• **PROBLEM DESCRIPTION**
Return the lines of the listing below exactly as they appear, beginning at the one with "وكان مع بسطام" and stopping after the one with "为促进知识共享与传递,推动校"; do not include pictures.

• **GIVEN ENTRIES**
:::::

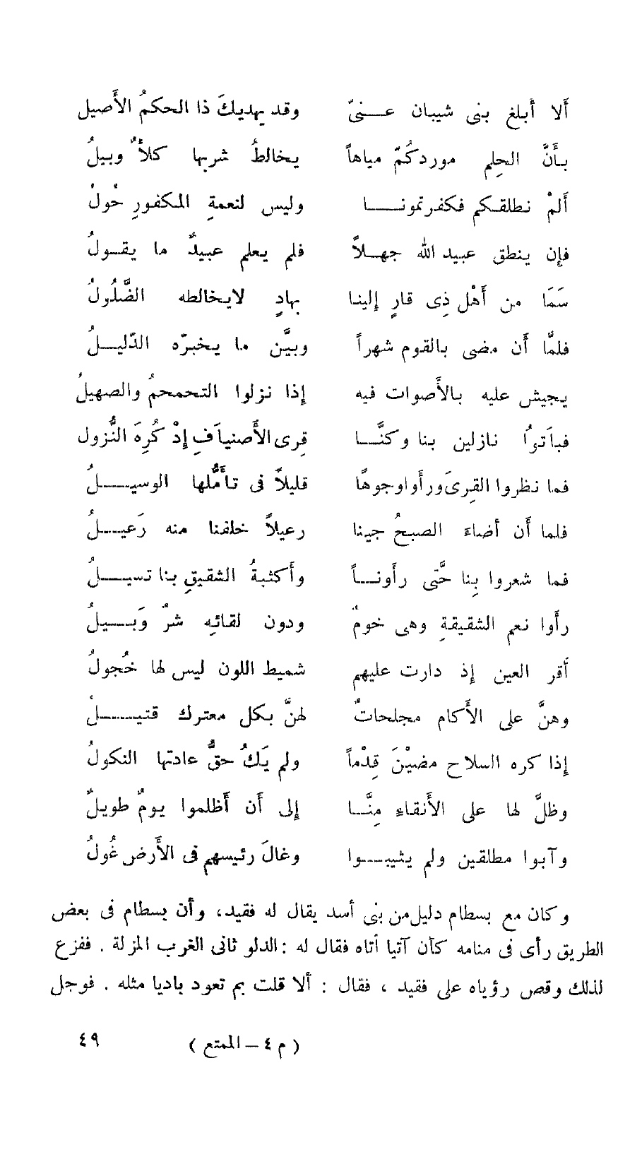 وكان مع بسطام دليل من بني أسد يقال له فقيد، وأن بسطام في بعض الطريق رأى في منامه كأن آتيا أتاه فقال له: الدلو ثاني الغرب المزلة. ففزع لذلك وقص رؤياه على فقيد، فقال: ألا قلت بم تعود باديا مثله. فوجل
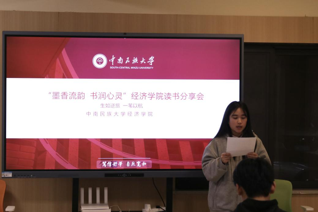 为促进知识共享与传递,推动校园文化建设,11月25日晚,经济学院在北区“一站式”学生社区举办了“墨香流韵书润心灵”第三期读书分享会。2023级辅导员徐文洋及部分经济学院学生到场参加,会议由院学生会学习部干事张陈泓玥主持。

:::::

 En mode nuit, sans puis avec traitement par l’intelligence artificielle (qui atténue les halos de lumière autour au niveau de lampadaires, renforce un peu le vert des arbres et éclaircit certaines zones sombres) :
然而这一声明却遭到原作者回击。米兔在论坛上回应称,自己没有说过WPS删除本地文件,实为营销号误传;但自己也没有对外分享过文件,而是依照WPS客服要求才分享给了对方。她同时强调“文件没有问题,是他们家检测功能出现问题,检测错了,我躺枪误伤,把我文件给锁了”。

:::::

• **TASK RESULT**
 وكان مع بسطام دليل من بني أسد يقال له فقيد، وأن بسطام في بعض الطريق رأى في منامه كأن آتيا أتاه فقال له: الدلو ثاني الغرب المزلة. ففزع لذلك وقص رؤياه على فقيد، فقال: ألا قلت بم تعود باديا مثله. فوجل
 为促进知识共享与传递,推动校园文化建设,11月25日晚,经济学院在北区“一站式”学生社区举办了“墨香流韵书润心灵”第三期读书分享会。2023级辅导员徐文洋及部分经济学院学生到场参加,会议由院学生会学习部干事张陈泓玥主持。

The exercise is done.